▶ [Work order]
Omit the images, then repeat the listing exactly.

▶ [Exercise materials]
====
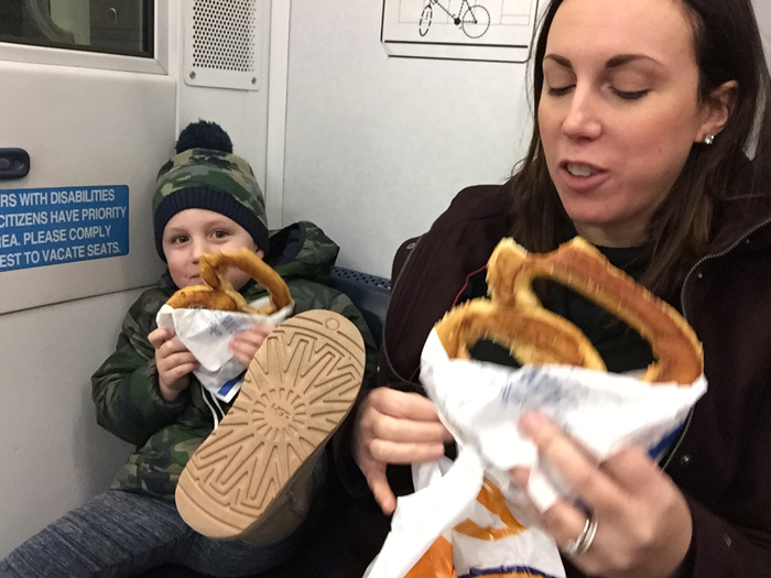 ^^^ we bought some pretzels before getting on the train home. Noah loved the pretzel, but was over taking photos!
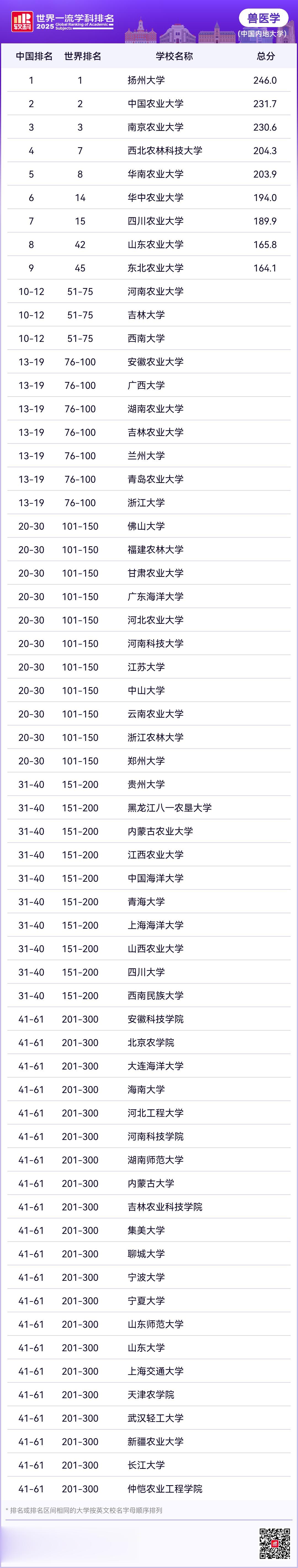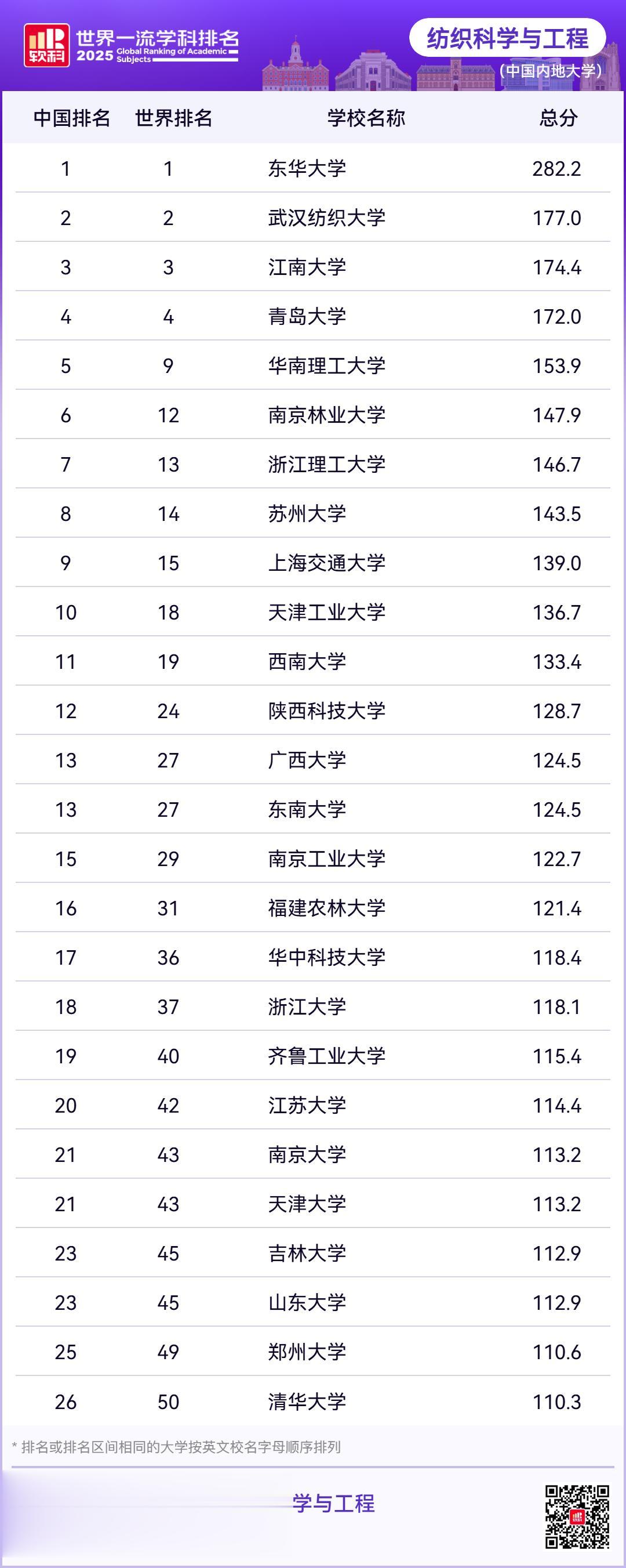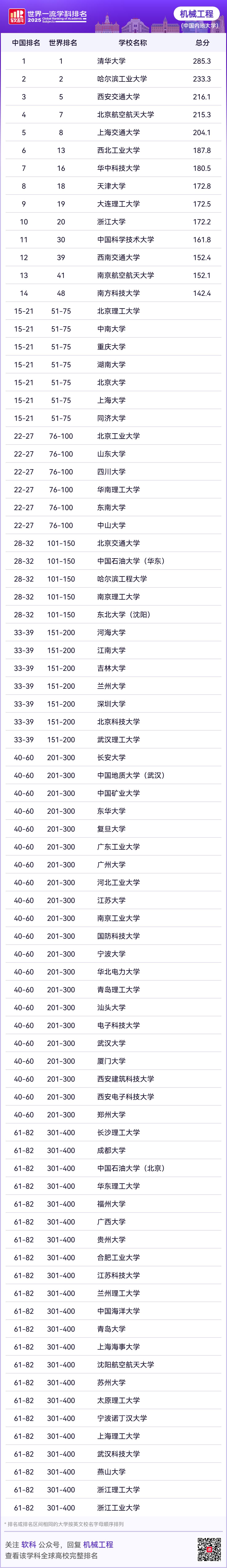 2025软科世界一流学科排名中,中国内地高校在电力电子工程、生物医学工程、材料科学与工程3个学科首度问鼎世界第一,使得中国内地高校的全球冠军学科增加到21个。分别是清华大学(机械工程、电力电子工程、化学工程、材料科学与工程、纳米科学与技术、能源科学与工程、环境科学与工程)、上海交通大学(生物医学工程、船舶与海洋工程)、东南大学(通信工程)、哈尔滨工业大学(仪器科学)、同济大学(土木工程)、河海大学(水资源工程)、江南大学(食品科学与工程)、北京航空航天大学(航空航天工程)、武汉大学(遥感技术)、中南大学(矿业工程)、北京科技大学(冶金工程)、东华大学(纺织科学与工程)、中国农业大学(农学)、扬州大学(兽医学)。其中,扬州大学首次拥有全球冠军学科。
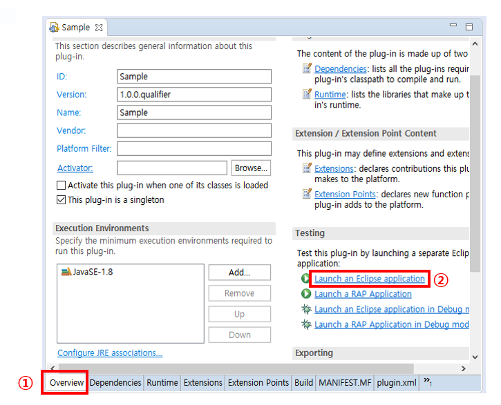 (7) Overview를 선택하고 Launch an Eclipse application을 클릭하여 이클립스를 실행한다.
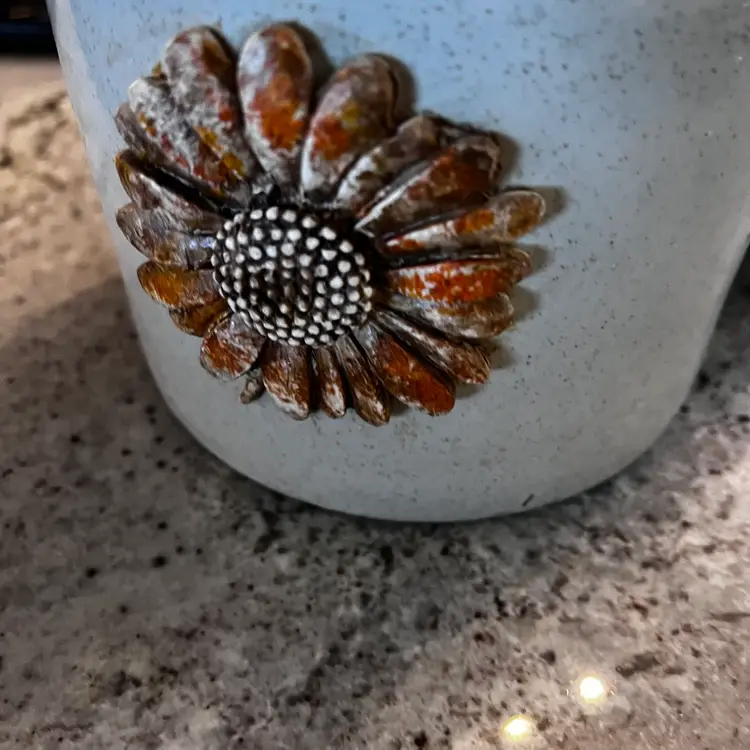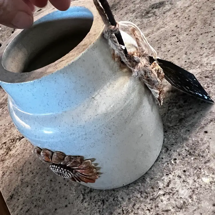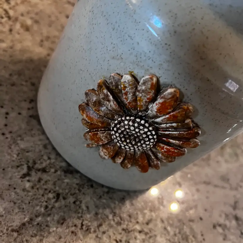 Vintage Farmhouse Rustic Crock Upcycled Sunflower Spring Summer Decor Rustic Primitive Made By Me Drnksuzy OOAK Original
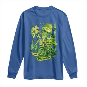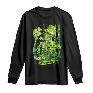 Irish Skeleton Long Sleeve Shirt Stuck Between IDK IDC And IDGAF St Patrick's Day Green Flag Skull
====
▶ [Result of this task]
 ^^^ we bought some pretzels before getting on the train home. Noah loved the pretzel, but was over taking photos!
 2025软科世界一流学科排名中,中国内地高校在电力电子工程、生物医学工程、材料科学与工程3个学科首度问鼎世界第一,使得中国内地高校的全球冠军学科增加到21个。分别是清华大学(机械工程、电力电子工程、化学工程、材料科学与工程、纳米科学与技术、能源科学与工程、环境科学与工程)、上海交通大学(生物医学工程、船舶与海洋工程)、东南大学(通信工程)、哈尔滨工业大学(仪器科学)、同济大学(土木工程)、河海大学(水资源工程)、江南大学(食品科学与工程)、北京航空航天大学(航空航天工程)、武汉大学(遥感技术)、中南大学(矿业工程)、北京科技大学(冶金工程)、东华大学(纺织科学与工程)、中国农业大学(农学)、扬州大学(兽医学)。其中,扬州大学首次拥有全球冠军学科。
 (7) Overview를 선택하고 Launch an Eclipse application을 클릭하여 이클립스를 실행한다.
 Vintage Farmhouse Rustic Crock Upcycled Sunflower Spring Summer Decor Rustic Primitive Made By Me Drnksuzy OOAK Original
 Irish Skeleton Long Sleeve Shirt Stuck Between IDK IDC And IDGAF St Patrick's Day Green Flag Skull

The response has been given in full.